#### Collected material:
####

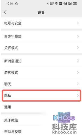 2、然后在微信设置中,点击【隐私】设置;
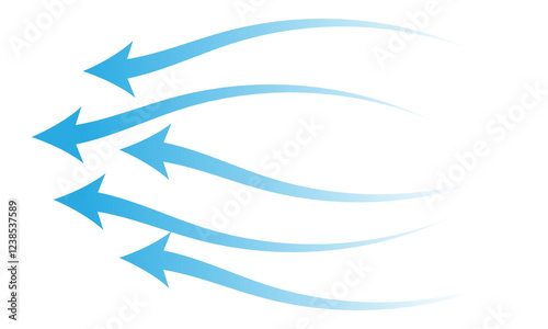 Air flow arrow. Set of arrows showing direction of air movement. Air flow isolated on white background.
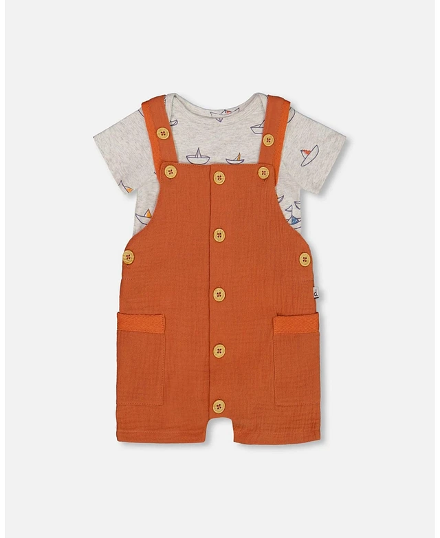 Deux par Baby Boys Printed Organic Cotton Onesie And Muslin Shortall Set Terracotta Small Boats

####

#### Task goal:
Transcribe all the lines above exactly; any image among them is skipped.

#### Written response:
 2、然后在微信设置中,点击【隐私】设置;
 Air flow arrow. Set of arrows showing direction of air movement. Air flow isolated on white background.
 Deux par Baby Boys Printed Organic Cotton Onesie And Muslin Shortall Set Terracotta Small Boats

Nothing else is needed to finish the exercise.